In Fig. 6, it is evident that the CMSAF product tends to overestimate the SDU for all analyzed months under all-sky conditions. This is particularly clear from the scatterplots of the difference when compared to observations, as the majority of counts tend to fall above the 0.0 line. Kothe et al. (2017), when evaluating the CMSAF product, found a similar behavior on the Canary Islands (northwestern Africa), in the daily evaluation (MBE values close to 2 h), and on the west coast of Africa, in the monthly sums analysis (bias values of up to 50 h were found). The authors attributed those uncertainties to two causes, namely the frequent low-cloud fields; predominant cloud types in these regions that cause a systematic underestimation of the effective cloud albedo by the Heliosat algorithm because of the self-calibrating method (Hannak et al., 2017), thus leading to an overestimation of SDU; and to the constants used during the SDU estimates, which were derived empirically using data from Germany to take into account the contribution of different sky conditions to the SDU. Consequently, the presence of low warm clouds that are most frequent over the ocean and subtropical subsidence regions (Huang et al., 2015) may not be well represented by these parameters. This might be the case for northeastern Brazil, since low clouds with relatively warm tops are the prevailing cloud type due to subsidence in the area associated with the Walker cell (Machado et al., 2014).

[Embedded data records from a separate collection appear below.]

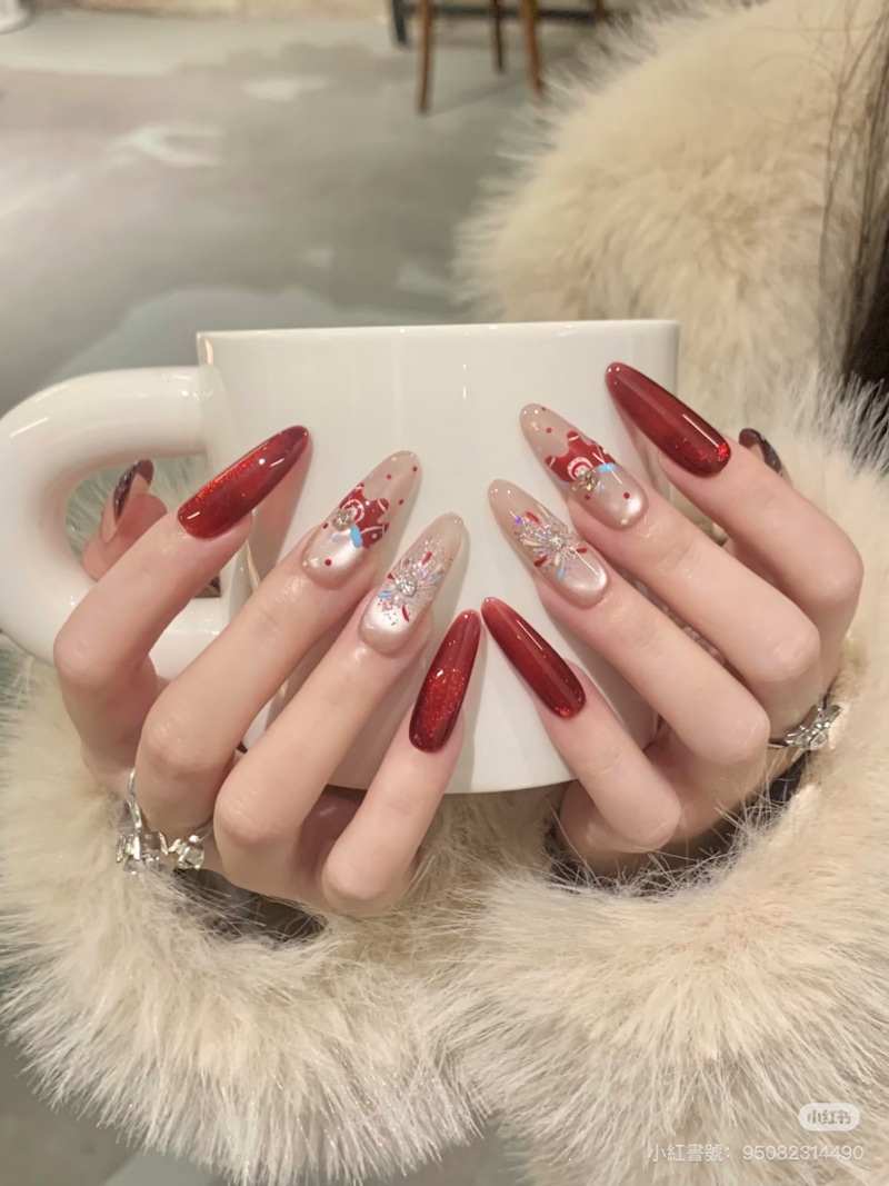 ▲新年的美甲設計多半圍繞著喜慶、吉祥與新開始的意象。圖片來源:小紅書 @时尚的眼光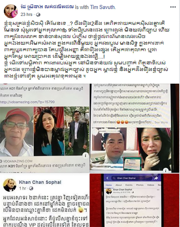 នាងថៃ ស្រីនាង អាយុ៣៨ឆ្នាំ បានសរសេរក្នុងគណនីហ្វេសប៊ុករបស់នាង នៅថ្ងៃទី១១ ខែកក្កដា ឆ្នាំ២០១៩ ថា “ខ្ញុំខុស ត្រង់ខ្ញុំសិចស៊ី តើមែនទេ…? ចឹងរឿង២ហ្នឹង គេពិតជាយកមកស៊ីសងគ្នាតើមែនទេ សុំសួរទៅអ្នកតុលាការ fb ទាំងបីរូបនេះផង ព្រោះល្ងង់មិនយល់ពីច្បាប់ ហើយពាក្យដែលលោកខ័ណ្ឌ ច័ន្ទសុផល បំផ្លើសថា ខ្ញុំផ្តល់ព័ត៌មានលេងសើច អ្នកឯងយកអីមកសំអាងក្នុងករណីនីមួយៗ អ្នករងរបួស មានសិទ្ធិក្នុងការដាក់ពាក្យ ឬដកពាក្យបាន តែបណ្តឹងអាជ្ញា គឺជារឿងផ្សេង តើអ្នកជាតុលាការ ឬជាអ្នកតែស្ករ ឱ្យប្រាកដ ដើម្បីឱ្យខ្លួនឯងល្បី…! ខ្ញុំមើលទៅសមត្ថភាពការងាររបស់អ្នកនៅមិនទាន់យល់ សូមបញ្ជាក់ពីតួនាទីរបស់អ្នកផង ព្រោះខ្ញុំមិនបានស្គាល់អ្នកច្បាស់ ដូចអ្នកស្គាល់ខ្ញុំ និងអ្នកដឹងរឿងខ្ញុំច្បាស់ជាងខ្ញុំទៅទៀត សូមអរគុណទុកជាមុន”។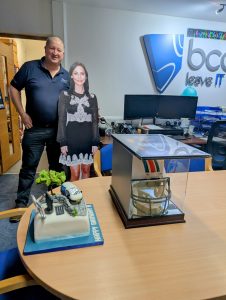 This month’s update cannot be concluded without wishing a very Happy 50th Birthday to BCC’s director Hywel. The BCC IT office teamed together to make it a memorable one. Tuesday was set to a playlist of tunes chosen for the occasion and the office was decorated with banners and balloons. We had a fabulous birthday cake, made by the very talented Kelly Still (the better half of BCC’s Sales Manager – Chris), and the whole team contributed towards a thoughtful gift. At 10:30 am, H was pitted against the rest of the staff for the morning radio pop quiz (the score was 2 rounds to nil to the staff).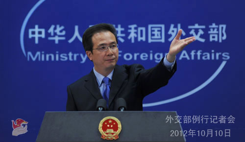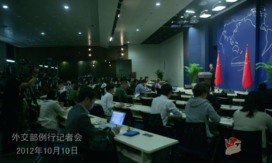 人民网北京10月10日电 2012年10月10日,外交部发言人洪磊主持例行记者会。

In the DISSM scatterplot results, the aforementioned underestimation tendency is clearly seen, mostly under clear-sky conditions (SDU >8 h) and is less pronounced in July. In this month, it is noticeable from Fig. 7g that the counts tend to group along the zero line for low and intermediary values of SDU (SDU <8 h). For clear-sky conditions, although it still presents a tendency to underestimate the observations, the differences tend to be smaller when compared to similar values in the other months. The higher frequency of points is bounded close to −2.5 h, while in other months there is a great number of counts for differences between −2.5 and −5 h.

The better agreement between the DISSM estimates and the observations under a partly covered sky and the higher errors in clear-sky cases suggest that this might be caused by a misrepresentation of the clear-sky reflectance used in the algorithm. This characteristic was pointed out by Porfirio et al. (2020), when evaluating the global solar irradiance (a variable highly correlated to SDU; Stanhill, 2003) estimated from the GL1.2 model, and the authors also found an east–west gradient in the MBE values. They highlighted the importance of a proper assessment of the clear-sky reflectance to the estimation of the cloud cover, which is estimated in the GL1.2 in the same fashion as the SDU product.

Figure 8 presents the mean R_min fields for the central months of each season for the period from October 2013 to October 2017. This figure was constructed to help explore the R_min influence on DISSM SDU product. The fields were generated by taking the minimum (not null) reflectance values for each pixel, considering the available images in the interval between 14:00 and 16:00 UTC, within the target month. Thereafter, they were smoothed by performing 3×3 pixel means and then monthly averaged.

Figure 8 Average R_min obtained for each analyzed month in the period from October 2013 to October 2017. Darker (lighter) colors correspond to low (high) reflectance values.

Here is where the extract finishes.